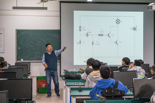 围绕光控延时电路设计内容,徐善永老师设计了一堂既有趣味导向性,又具有专业特色的实训课。首先,他介绍了学院品牌学科竞赛和近年学生获奖情况,增进同学对学院电子设计等科创品牌竞赛的认识;随后,结合具体课程案例深入浅出地讲解光控延时电路的相关知识,普及和加深同学们对专业知识了解;操作环节,他指导学生现场焊接光控延时电路,并对电路板功能进行检测演示等。
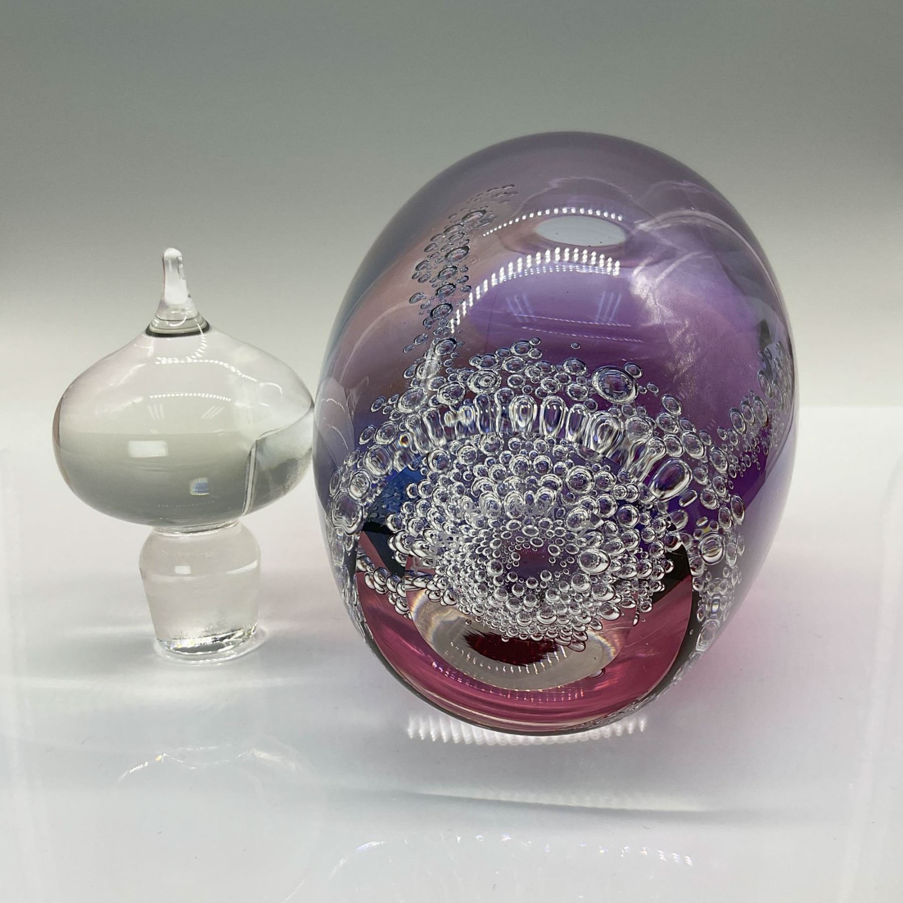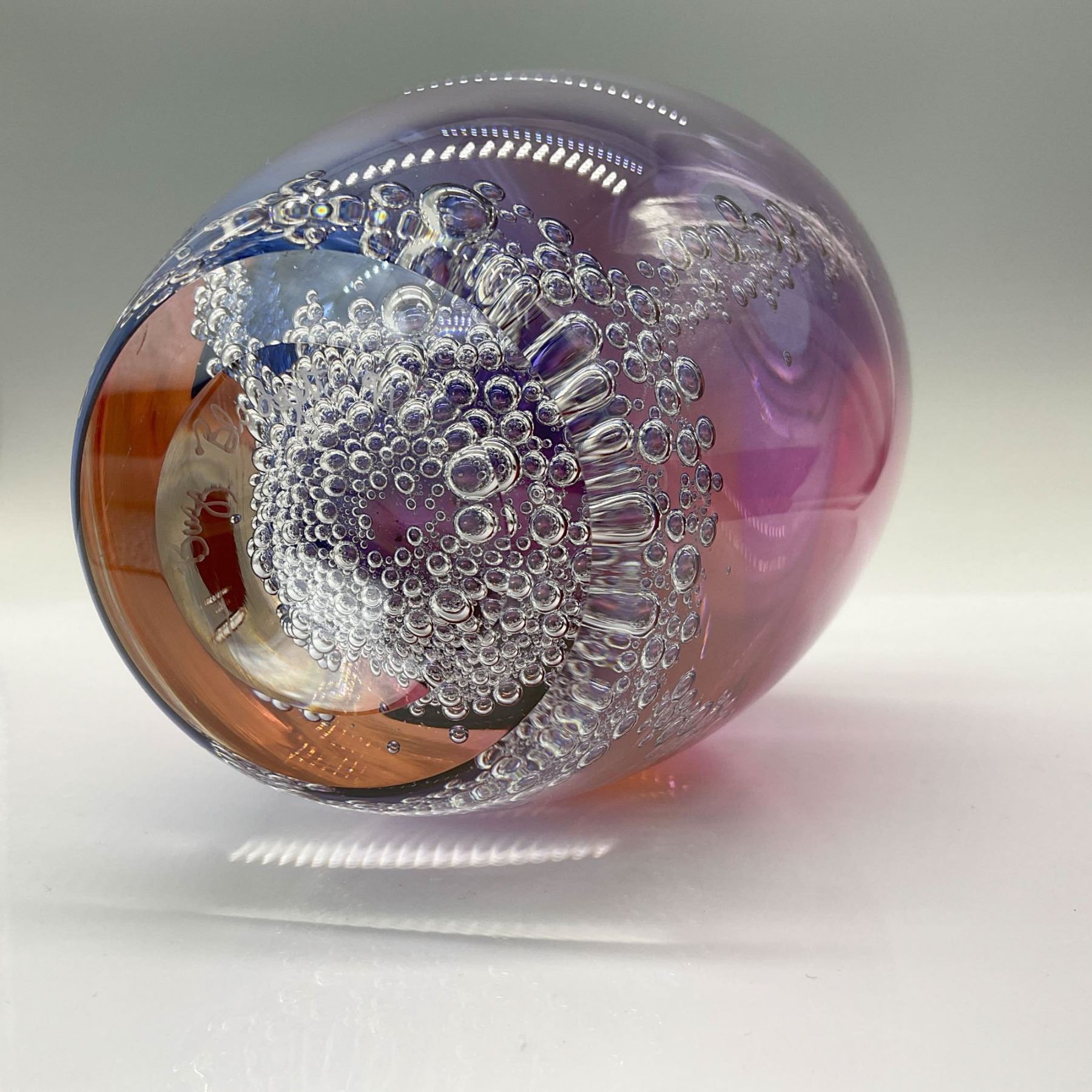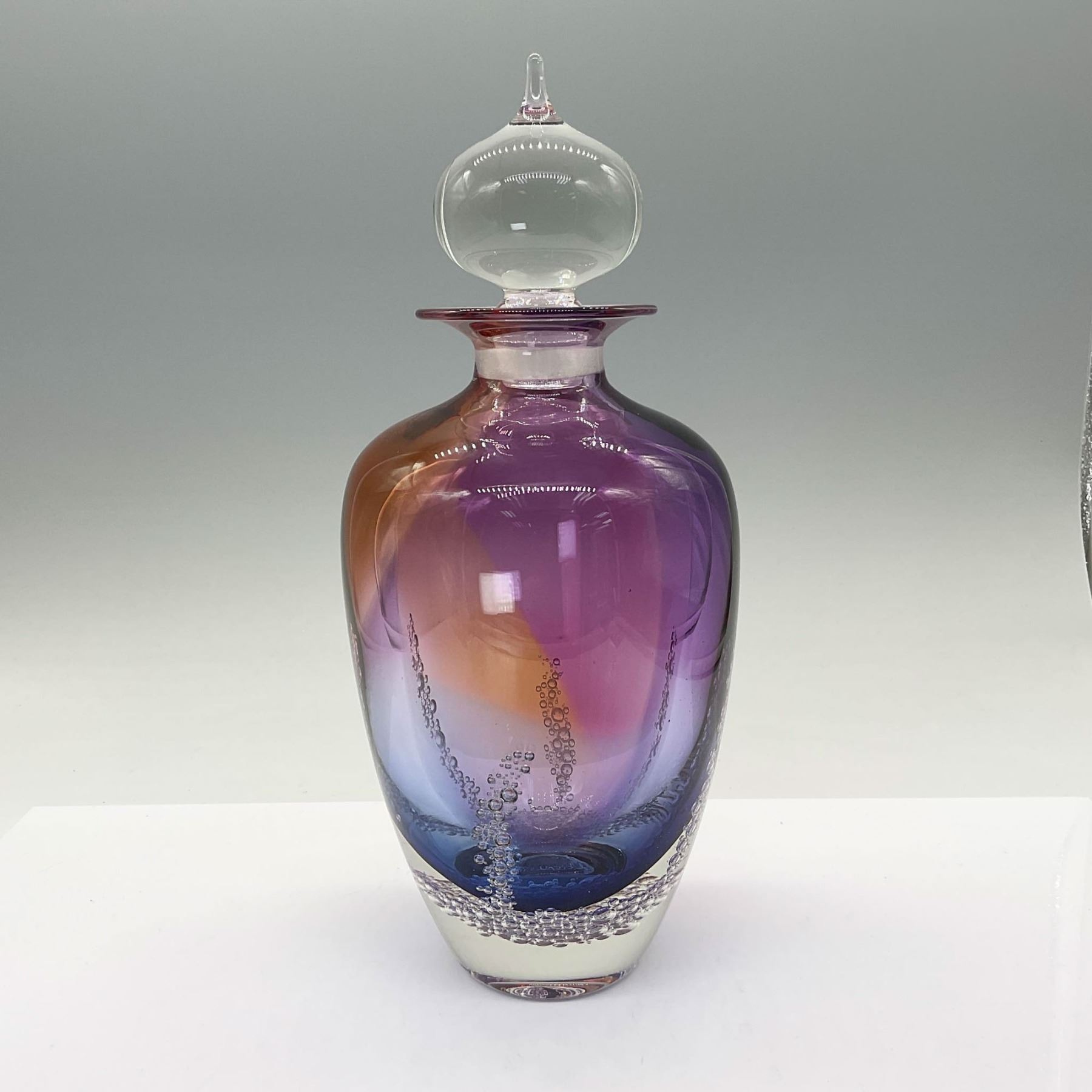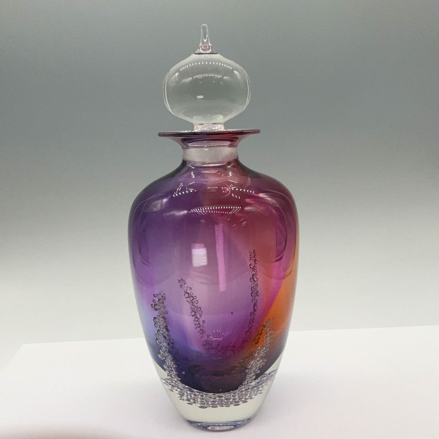 This stunning bottle showcases beautiful orange and purple swirls of glass, complemented by a captured bubble design, graceful flared neck, and an elegant stopper, making it a striking work of art. Created by Buzz Blodgett of Blodgett Glass, a renowned glassblower with over 50 years of experience, this piece reflects his mastery and passion for blending artistic glass techniques with his coastal California roots. Artist signed on base.
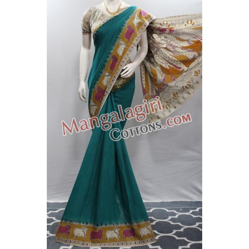 Mangalagiri Powerloom Dye Cotton Saree with Kalamkari Border. Saree comes with Unstitched Blouse Piece.
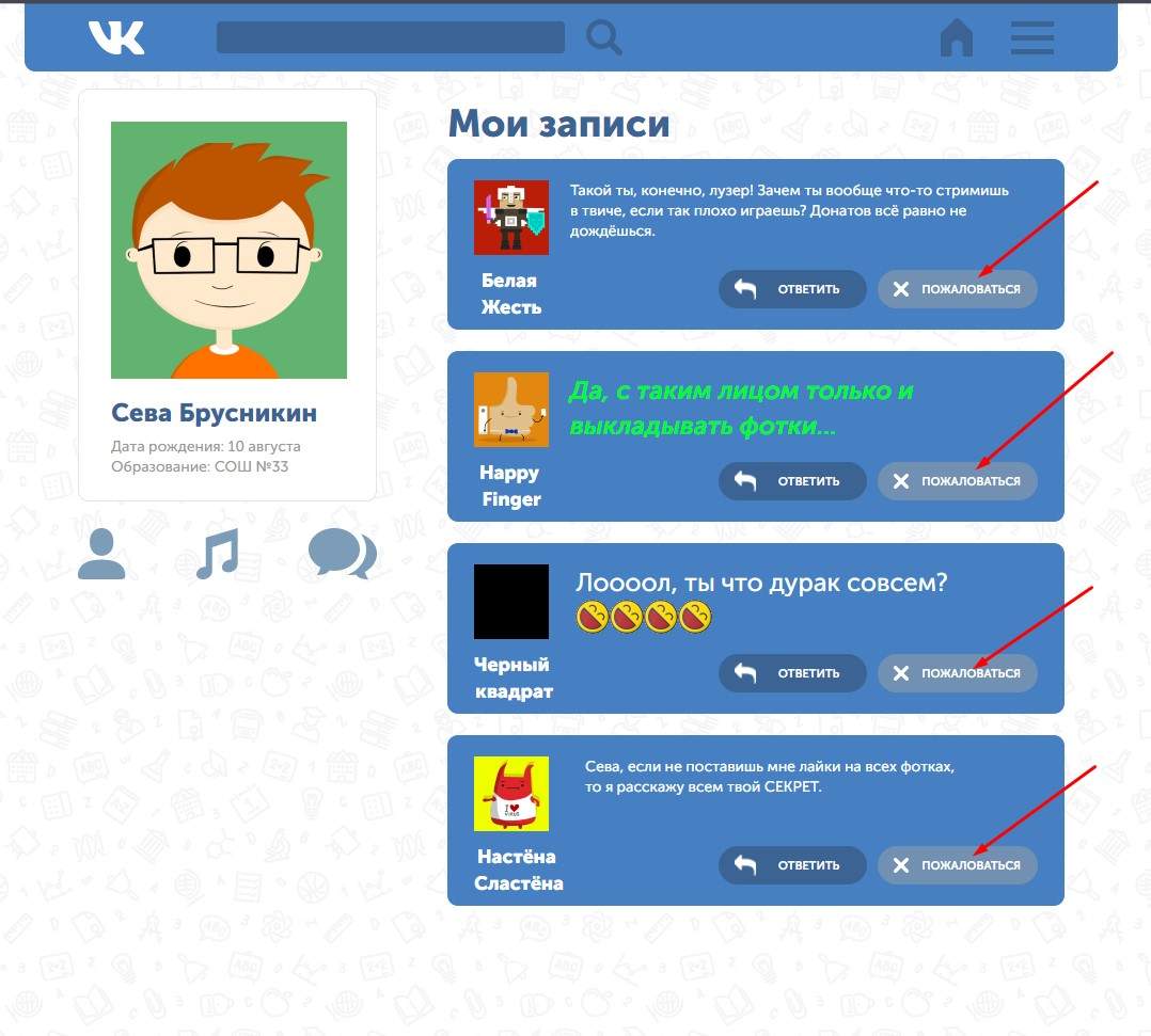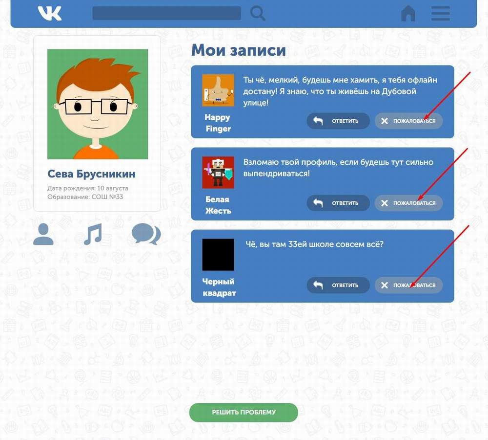 Посмотрев видео и зайдя на страничку Севы Брусникина вам придется применить на практике все то, о чем вам рассказывали раньше. В первой задаче вам нужно пожаловаться на всех троллей (смотрите картинки). За это вам начисляют баллы.
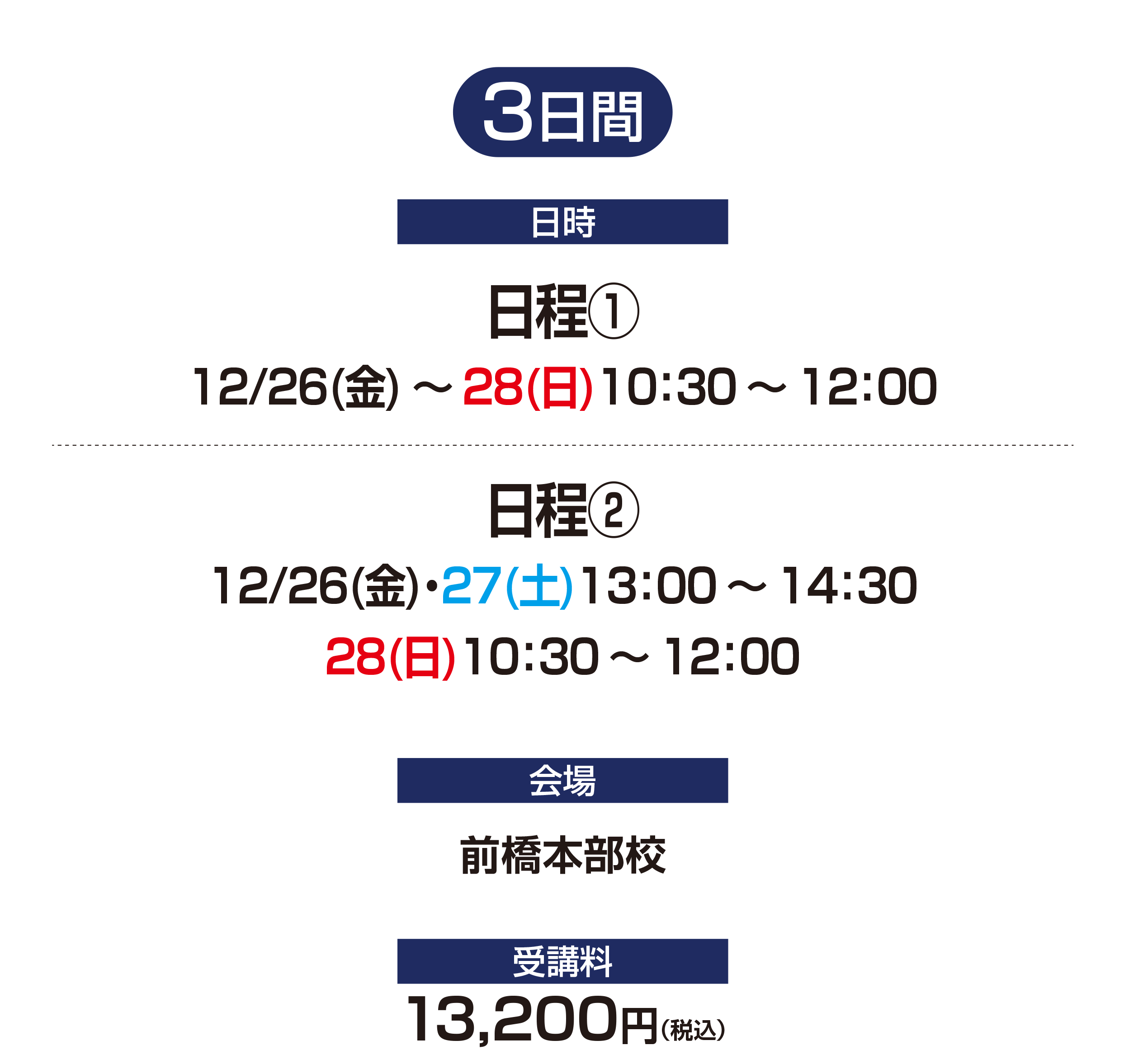※入試本番力講習をお申込みの方は、内容が重複しますのでお申し込みは不要です。
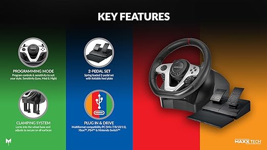 Experience immersive racing with the Maxx Tech PR279 Wheel Kit! Compatible with PC, Xbox, PS4, and Switch. Order now for the ultimate thrill!
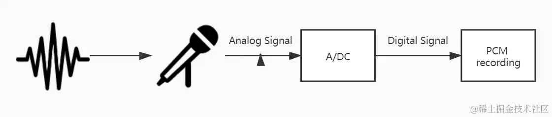 - 最后,通过 A/DC(模数转换器)将模拟信号转换成数字信号(Digital Signal)。即通过 PCM(Pulse Code Modulation)脉冲编码调制对连续变化的模拟信号进行抽样、量化和编码转换成离散的数字信号。
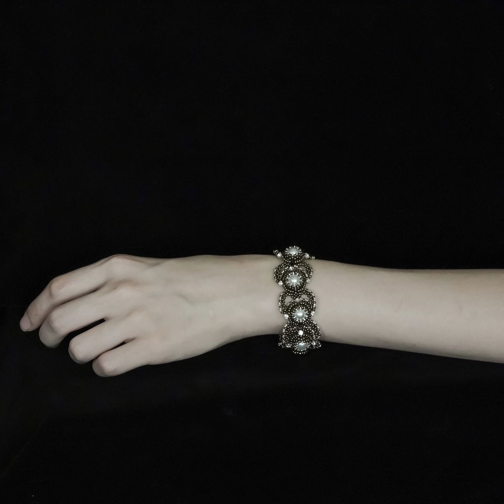 。古銅金色的編織珠搭配上圓潤的水晶珍珠,特有的古典感搭配上銀白色的水晶珍珠,白金色澤的搭配更顯典雅細緻

***

**ACTIVITY**
Retype the entries word for word. Omit any images.

**RESPONSE FOR THIS EXERCISE**
 围绕光控延时电路设计内容,徐善永老师设计了一堂既有趣味导向性,又具有专业特色的实训课。首先,他介绍了学院品牌学科竞赛和近年学生获奖情况,增进同学对学院电子设计等科创品牌竞赛的认识;随后,结合具体课程案例深入浅出地讲解光控延时电路的相关知识,普及和加深同学们对专业知识了解;操作环节,他指导学生现场焊接光控延时电路,并对电路板功能进行检测演示等。
 This stunning bottle showcases beautiful orange and purple swirls of glass, complemented by a captured bubble design, graceful flared neck, and an elegant stopper, making it a striking work of art. Created by Buzz Blodgett of Blodgett Glass, a renowned glassblower with over 50 years of experience, this piece reflects his mastery and passion for blending artistic glass techniques with his coastal California roots. Artist signed on base.
 Mangalagiri Powerloom Dye Cotton Saree with Kalamkari Border. Saree comes with Unstitched Blouse Piece.
 Посмотрев видео и зайдя на страничку Севы Брусникина вам придется применить на практике все то, о чем вам рассказывали раньше. В первой задаче вам нужно пожаловаться на всех троллей (смотрите картинки). За это вам начисляют баллы.
※入試本番力講習をお申込みの方は、内容が重複しますのでお申し込みは不要です。
 Experience immersive racing with the Maxx Tech PR279 Wheel Kit! Compatible with PC, Xbox, PS4, and Switch. Order now for the ultimate thrill!
 - 最后,通过 A/DC(模数转换器)将模拟信号转换成数字信号(Digital Signal)。即通过 PCM(Pulse Code Modulation)脉冲编码调制对连续变化的模拟信号进行抽样、量化和编码转换成离散的数字信号。
 。古銅金色的編織珠搭配上圓潤的水晶珍珠,特有的古典感搭配上銀白色的水晶珍珠,白金色澤的搭配更顯典雅細緻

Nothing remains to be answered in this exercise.